A typical Black Label will blend together Diageo’s different distilleries: Clynelish in the Highlands, Cardhu from Speyside, malt from Glenkinchie, grain from Cameronbridge… whilst some will say the smoky character comes from Lagavulin, others credit it to Caol Ila.

So when the folks at Johnnie Walker decided to launch in 2021 their “Origin” series without the grain, intended to heighten the focus on the featured regional elements – it was widely speculated that the Islay expression was probably both Caol Ila & Lagavulin.

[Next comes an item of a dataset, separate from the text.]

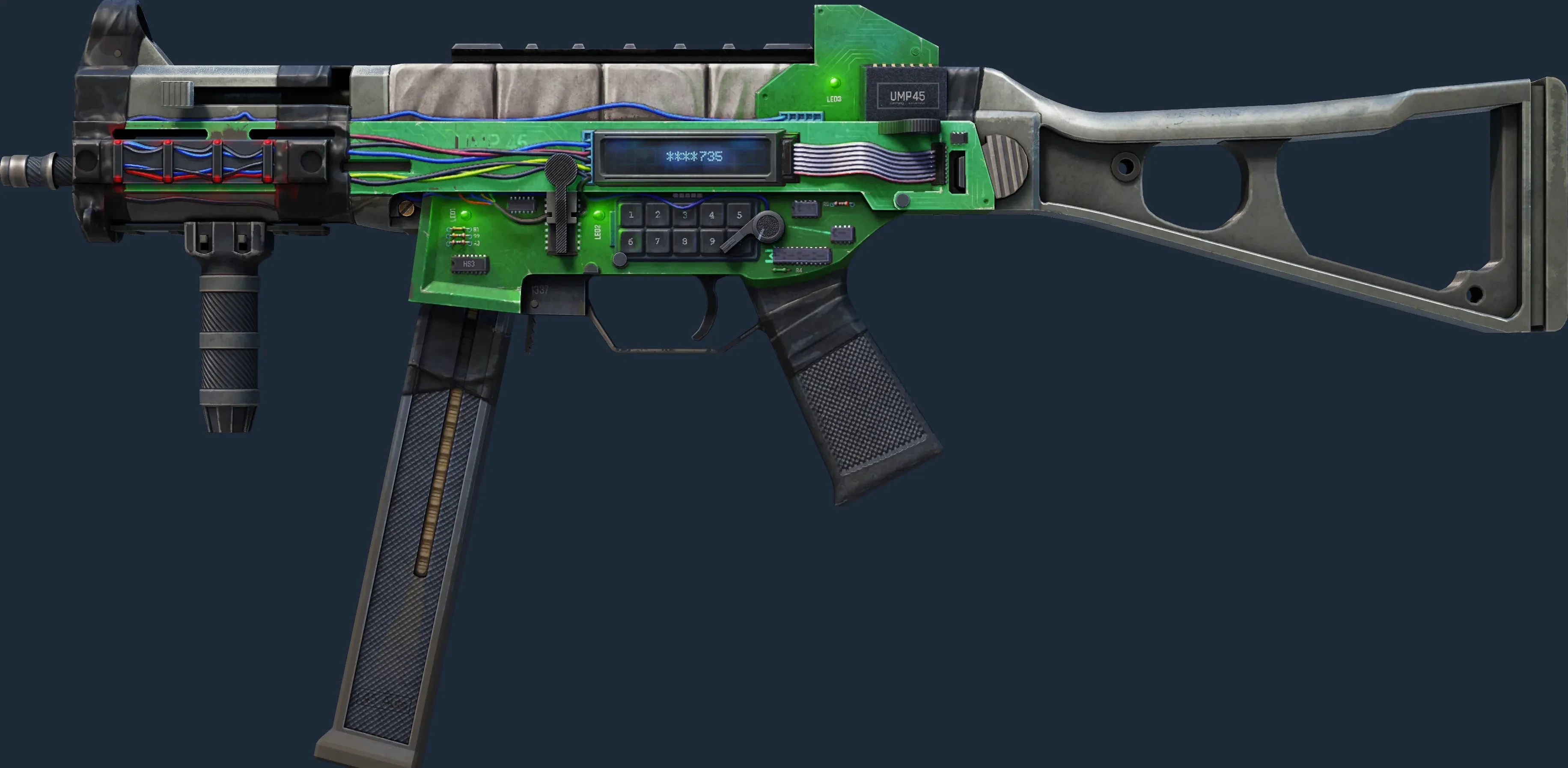 The UMP-45 | Plastique is a Covert grade skin for the UMP-45 in Counter-Strike 2. It features a Custom Paint Job finish and was designed by Graff.

Johnnie Walker Black Label Islay Origin 12 year 2021 42%

  • Colour – It was nearly orange!
  • Nose – Hello peat! Clear, clean peat stamp with a strong seaside salty air too. We also found mango BBQ chutney, some iodine
  • Palate – Way fruitier than expected – lots of dark fruits, smokey, salty, oily peat and sweet, some pepper joining the honeyed fruits
  • Finish – Very sweet with just a puff of smoke

Now, I must admit I was pleasantly impressed by how much I enjoyed the Johnnie Walker. It was surprisingly good, with a well-balanced palate, fruitier than anticipated to the point that I wondered if and how much sherry influence could be at play? We also speculated the extent to which Johnnie Walker’s relatively new master blender – Emma Walker – steered the approach.

From a variation on a well-known theme, we moved on to indie bottler Hunter Laing’s celebration of Islay.

Scarabus Islay 10 year 46% (Hunter Laing)

  • Colour – Light hay
  • Nose – Oaky and salty, cereals, malt and honey, a bit nutty
  • Palate – Fermented fruit, black pepper, oily
  • Finish – Cinnamon smoke then minty and herbal

The most debated element about this expression is whether it is Caol Ila or Lagavulin. I will admit that I also vacillated between the two – in one whiff thinking surely this must be Caol Ila then another sip, veered towards Lagavulin.

What we do know is that it is a single malt, aged for 10 years in a refill, ex-bourbon and virgin American oak cask. And that’s about it!

After the mystery malt, we closed with a clear Caol Ila – yet with a twist! It was a rare Original Distillery Bottling at cask strength. Part of a 200 ml tasting set together with a 12 year and 18 year expression, you won’t find this easily to add to your whisky cabinet!

Caol Ila (2005) Cask Strength 60.1% (OB)

  • Colour – So pale it almost appeared clear
  • Nose – Earthy gentle peat, dry smoke, a hint of citrus
  • Palate – Bright, very pleasant, no punch, just roll around in a well-balanced peat with sweet, some herbaceous almost medicinal elements too
  • Finish – Lingers, softly fading away

This was a classic Caol Ila, more restrained than anticipated for a cask-strength dram – certainly more so than most independent cask-strength expressions I’ve tried.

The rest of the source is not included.